Strict regulations are essential to survival
The researchers also discovered regulatory proteins that help tightly control GTA activity. This control is critical because inappropriate activation of LypABC can be highly toxic to bacterial cells.
This study provides deeper insight into how genes move between cells by revealing how flexible bacterial systems are. This process plays a major role in the spread of antibiotic resistance.
New clues in the fight against antibiotic resistance
Dr Emma Banks, lead author of the study and Royal 1851 Exhibition Commission Research Fellow, said: “What is particularly interesting is that LypABC looks like the immune system, but bacteria use it to release GTA particles. This suggests that bacteria can repurpose the immune system to help share DNA with each other. This process may contribute to the spread of antibiotic resistance.”

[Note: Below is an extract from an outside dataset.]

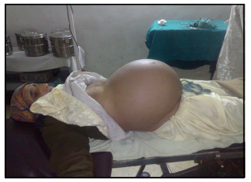
Fig1. Octogenarian Female with Huge Abdominal Mass (Ovarian Cyst)

slowly and 25.7 liters of fluid was aspirated. On decompression, it was observed that cyst was originating from left ovary. Right Ovary and Uterus were unremarkable. Total excision of the cyst was done that measured 975 gms by weight. Total Volume of the cyst was calculated to approximate 27 kgs. Histopathological examination suggested benign mucinous cyst adenoma of the Ovary. ( Fig. 1-3 )
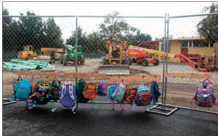
ANA SOFIA AMIEVA-WANG

Construction projects are becoming an increasingly common sight at local school campuses.

The next step is to understand how the LypABC system is activated and how it controls bacterial cell rupture to release GTA particles.
Research has shed important new light on the ability of bacteria to exchange genes from friend to foe, including genes associated with antimicrobial resistance (AMR).
As researchers at the John Innes Center investigate the strange phenomenon of gene transfer agents (GTAs), they have provided insights that expand our understanding of AMR, a major global health threat.
These gene-carrying particles look like bacteriophages (viruses that infect bacteria), but they were domesticated from ancient viruses and put to beneficial use under the control of bacterial host cells.
They act as couriers, receiving packets of host bacteria’s DNA and delivering it to neighboring bacteria. This “selfless” sharing, known as horizontal gene transfer, can rapidly spread useful traits, such as genes that confer resistance to antibiotics used to treat infectious diseases.
A critical life stage of GTA is host cell lysis. This means that the host cell is destroyed and DNA-filled GTA particles are released. Until now, it was unclear how GTA particles escape from host bacterial cells.
In this study, natural microbiology, The research team used a deep sequencing-based screening method to identify genes important for GTA function in the model bacterium Caulobacter crescentus.
This led to the identification of three gene regulatory hubs, LypABC, that encode bacterial proteins. When these lypABC genes are deleted, the bacteria are unable to lyse and release GTA particles. In contrast, overexpressing the lypABC hub resulted in a much higher proportion of lysed cells. Taken together, these experiments identified LypABC as a regulatory mechanism for GTA-mediated cell lysis.
Remarkably, LypABC resembles the antiphage immune system of bacteria, as it contains protein domains normally required for defense against viruses. However, this collaboration between the John Innes Center, the University of York, and the Rowland Institute at Harvard University suggests that it could be reused to release GTA particles for gene transfer.
They also identified regulatory proteins required to tightly control both GTA activation and GTA-mediated lysis. This control is important because misregulation of LypABC is highly toxic to bacterial cells.
By highlighting the plasticity of bacterial domains, this study advances fundamental knowledge of how gene transfer occurs between bacterial cells and provides important clues for understanding how AMR occurs.
Dr Emma Banks, lead author of the study and Royal 1851 Exhibition Commission Research Fellow, said: “What is particularly interesting is that LypABC looks like the immune system, but bacteria use it to release GTA particles. This suggests that bacteria can repurpose the immune system to help share DNA with each other. This process may contribute to the spread of antibiotic resistance.”
The next step in the research is to discover how the LypABC control hub is activated and how it functions to control bacterial cell destruction and GTA particle release.
“The bacterial CARD-NLR-like immune system controls the release of gene transfer factors.” Natural microbiology.